Да, окунь был поистине на зависть соседям: выпученные очумелые глаза были размером со шляпку винтовочного патрона, а весь он, полосатый, ощерившийся, с горбом на спине, походил на какое-то чудо-юдо…

Пока Чуткин вырезал прут и продевал его под перламутровые, окостенелые крылья окуневых жабер, подошел расстроенный командир взвода.

— Что там? — поинтересовался верзила.

— А ну их… — махнул рукой тот. — Шашлычную устроили. На лучинках рыбу пекут… Находятся же люди! Невтерпеж им, видишь ли… Пришлось пристрожить. Не в рыбе дело, а приказ нарушают.

— «Мститель»-то наш вон, посмотри, какого зверя заловил.

— Вот это окунь! — Командир взвода даже головой покачал в изумлении. — На что клюнул?
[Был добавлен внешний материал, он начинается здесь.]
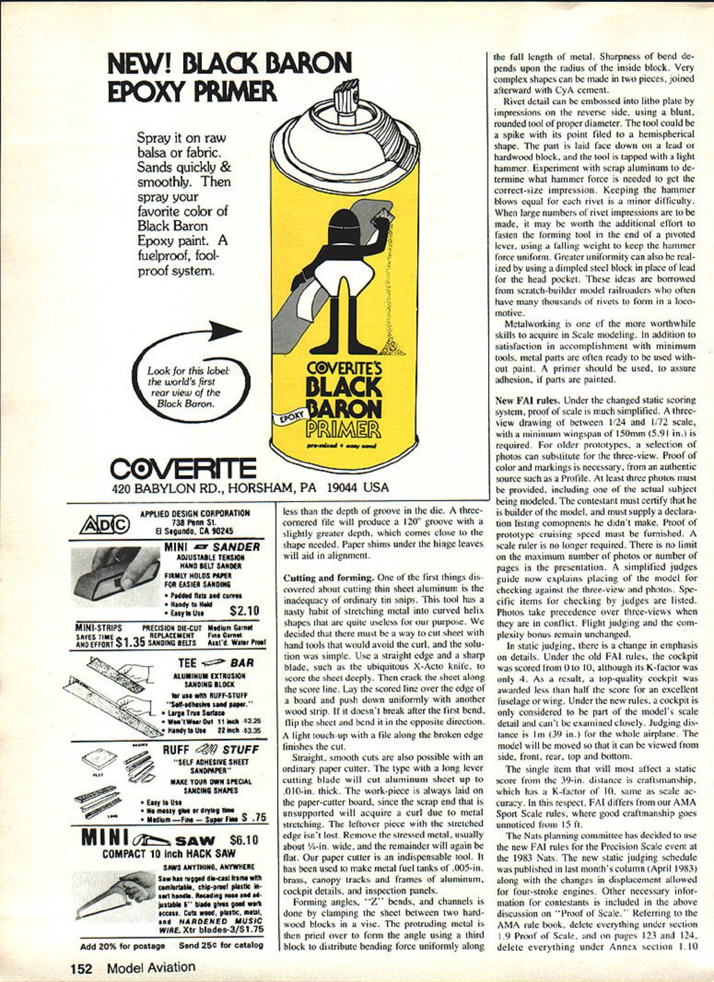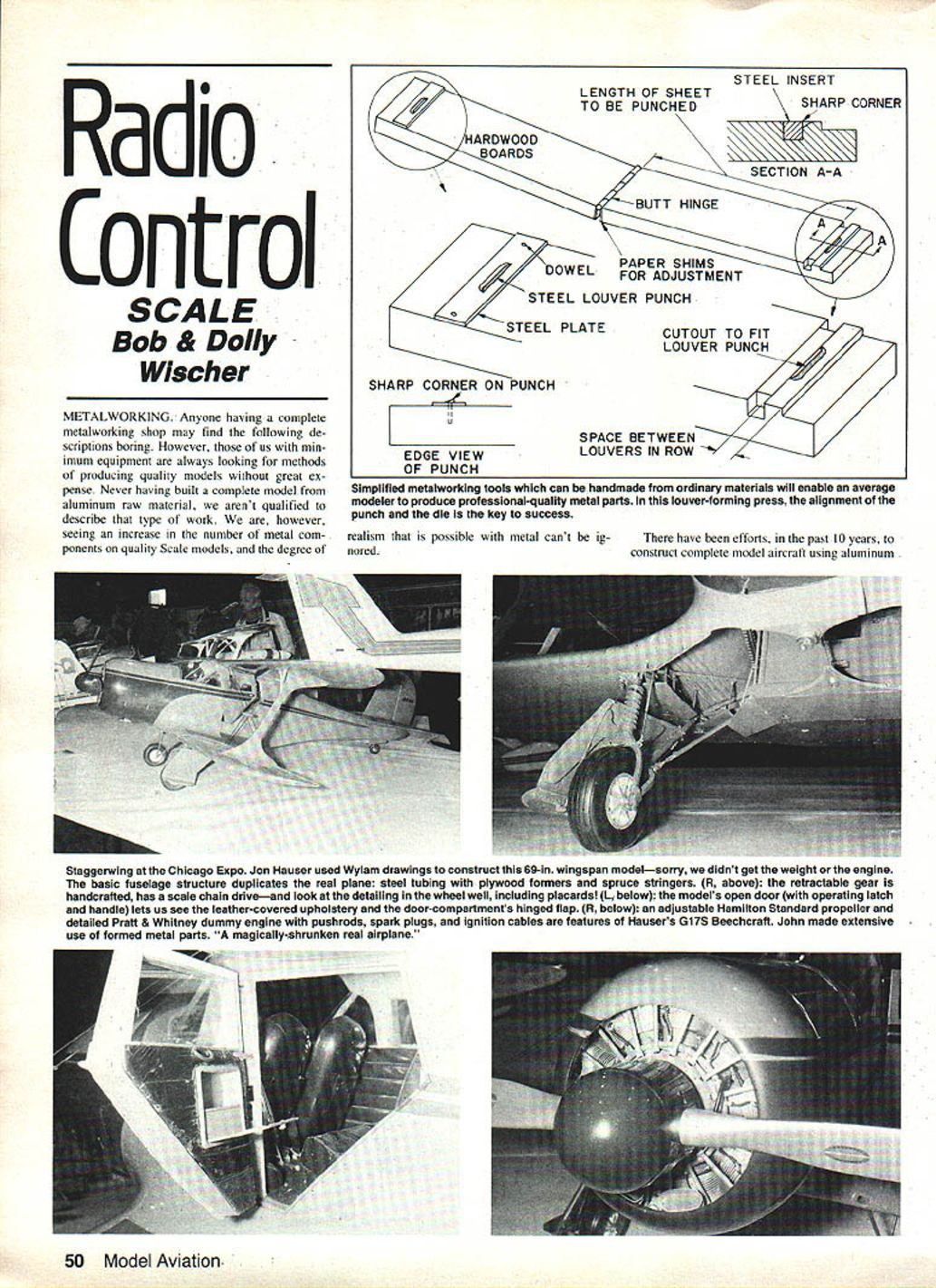 Radio Control SCALE Bob & Dolly Wlscher METALWORKING Anyone having complete metalworking shop may find following de scriptions boring However us min imum equipment always looking methods producing quality models great ex pense Never having built complete model aluminum raw material arent qualified describe type work however seeing increase number metal com ponents quality Scale models degree Simplified metalworking tools can handmade ordinary materials will enable average modeler produce professional-quality metal pans louver-forming press alignment punch die key success realism possible metal cant ig nored have efforts past 10 years construct complete model aircraft using aluminum Staggerwing Chicago Expo Jon Hauser used Wylam drawings construct 69-in wingspan modelsorry didnt get weight engine basic fuselage structure duplicates real plane steel tubing plywood formers spruce stringers R above retractable gear handcrafted has scale chain driveand look detailing wheel well including placards L below models open door operating latch handle lets us see leather-covered upholstery door-compartments hinged flap R below adjustable Hamilton Standard propeller detailed Pratt & Whitney dummy engine pushrods spark plugs ignition cables features Hausers G175 Beechcraft John made extensive use formed metal pafls magicalIyshrunken real airplane 50 Model Aviation TO BE PUNCHEDSHARP CORNER SECTION A-A A PAPER SHIMS DOWELFOR ADJUSTMENT STEEL LOUVER PUNCH STEEL PLATECUTOUTTO FIT LOUVERPUNCH SHARP CORNER ON PUNCH SPACE BETWEEN EDGE VIEWLOUVERS IN ROW OF PUNCH sheet exact duplication full-size pro totype including internal structure have semi-successful flying models weight radio problems probable nega tive factors Jerry Fingler produced completely metal-covered balsa Shinn 2150A spec tacular beauty Radio noise due chafing alu minum sheets suspected reason its control difficulties changing radios using whip antenna some success attained raw material commonly used applications aluminum litho sheet 005-in 010-in thickness exterior applications supplier local newspaper time gave us sheets no charge used once print page recently have heen asked pay about 25g sheets scrap value aluminum quite hard would difficult form compound curves unless annealed heating quenching best use material tiat pieces simple forms recent models have parts made sheets Litho plate comes us liberal coating printers ink needs removed sol vent have used cleaning fluid gasoline alco hol dope thinner acetone equal success surface etched printed matter photos becomes reverse side part being formed exterior smooth Forming louvers average modeler doesnt have unlimited facilities metal work would like punch row louvers litho sheet will probably surprised find necessary materials close hand have used hardwood die holders metal em ployed actual point cutting maintain alignment between punch die two pieces hardwood X 10 average work hinged end 3-in dimension would make louvers /2 2-in long longer louvers increase board width suit 10-in length may vary depending length aluminum sheet punched hinge ordinary cabinet butt-type 2 3-in long Continued page 148 Gator RIC Products 3713 Pompano Dr Pensacola FL 32514 Phone AC 904 476-8639 ENGINE SLEEVE & BEARING PULLER Pull tight sleeves bearings easily damage Cone cone espanding brass ring grips sleeve bearing 10 new 60s 17MM rear bearing *SPECIAL* Both $1395 NewNew WING TUBE & SOCKETS 1 V dia aluminum alloy tubing plug-in wings Included pair special slip-fit phenolic sockets build wingstruct 2024 alum tube 24 long socket 12 long 58951 set TIGER TAIL 4 Ron Chidgeys latest best series little larger lighter slower retains honest flight characteristics ifs predecessors Especially recommended sportsman advanced pattern also good choice turn around pattern Plans construction hints- $995 ENDANNER USA MODELING PRODUCTE INC DEPTA U Po Box sie STOWN PA 19464 37-1231 ELECTRIC RETRACTS GIEZENDANNER Two Time World Champion REGULAR RETRACTS 5/32 Pattern- Up 10 lbs HEAVY DUTY RETRACTS 3/16 ForScale-lOto 18 lbs EXTRA HEAVY DUTY RETRACTS 1/4 Big Ones 18 50 lbs retract Slip Clutch prevent jamming stripping gears Left GMP-2001-R Regular Right GMP-2001 -D Deluxe Dealers Invited ELECTRONIC DIGITAL TACHOMETERS GMP-2001-D Visible display ble low battery display 2 & 3 Bladed props W liquid display Crystal controlled GMP-2001 -R Visible display Visible low battery display 2 Bladed W liquid display Crystal controlled Catalog Available Ideal beginner well master flier CHARGE IT Yes have Giezendanner Wipers 3 Bladed Low-Noise Glass Filled Props May 1983 51 Richard Guinlan displayed exquisite Douglas DC-3 Chicago Expo began Royal kit spans 83 has two K&B 408 real metal skin Its aluminum refrigerator insulation Take careful note scale props antennas landing gear details door hinges Interior has curtains seats model required two years building time GP nhuJu rn II dEi - I 1981 -82 World RIG Aerobatic C dpi Winner 7 Consecutive Las Vegas Tournament Champions Shown above Giezendanner GMP 2001 -D Digital Tachometer See Dealer Order Direct Include 75 Per Item UPS THE new POWRTOW WINCH ZIP & LONGER BATTERY LIFE Power size sailplane current draw -kiting & manual drum brakes adjustable speed parachute turn-a round foot switch 115 lb braided line use iith RETRIEVER launch-a-minute flightsan end line shagging delays line crossings drag free operation tangles heavy-duty cables Clips braided 301blinetow ribbonhand switch line guides ball bearing swivels DAVEY SYSTEMS CORPORATION ONE ROOD LANEMALVEEN PA 19355 215644-0692 Write call information Cam-Axial/Paul Continued page 48 Although first engines have conceived model airplane propulsion units mind little imagination can lead visualize other uses Since dont see need new technologies material processes should production pos sibilities utilizing latest materials methods Using current state art equiv alent present-day engine manufacturing would expect some Cam-Axial engine possible advantages might i

Неужто на глаз?..

— На плотичий хвост.

— Ну? Вот никогда не пробовал… Объясни-ка, парень, как ты это делаешь?

Вася показал. Но командир взвода, как видно, усомнился, принял Васину удачу за случайность и продолжал таскать мелких окушков по-своему.

Чуткин сделал заброс, укрепил удилище и уселся снова курить… Вскоре все повторилось, и второй окунь, чуть поменьше, оказался на берегу.

Соседи забеспокоились. Верзила в шумных, сшитых из плащ-палатки шароварах первым не выдержал, насадил на крючок хвост плотицы. У него почти сразу же клюнуло, потянуло на дно, но он слишком поторопился и вытащил лишь помятый хвост. С недоумением и растерянностью он оглянулся на Васю, а тот сидел и словно бы ничего не видел. «Так тебе и надо, не жадничай. Ишь, учитель нашелся», — с удовлетворением думал Вася, ожидая момента, когда обратятся к нему за советом.

После двух неудачных поклевок такой момент наступил. В ответ на восклицание, явно обращенное к нему: «Не понимаю, что за чертовщина!» — Вася промолчал, дождался очередной поклевки у неудачника, а затем словно бы нехотя потянулся к его удилищу. Тот покорно уступил. Несколько раз Вася принимался считать, но окунь отпускал наживку, и поплавок всплывал.

И все-таки терпение победило — вскоре первый крупный окунь украсил горку мелкой рыбы, уже наловленной соседями.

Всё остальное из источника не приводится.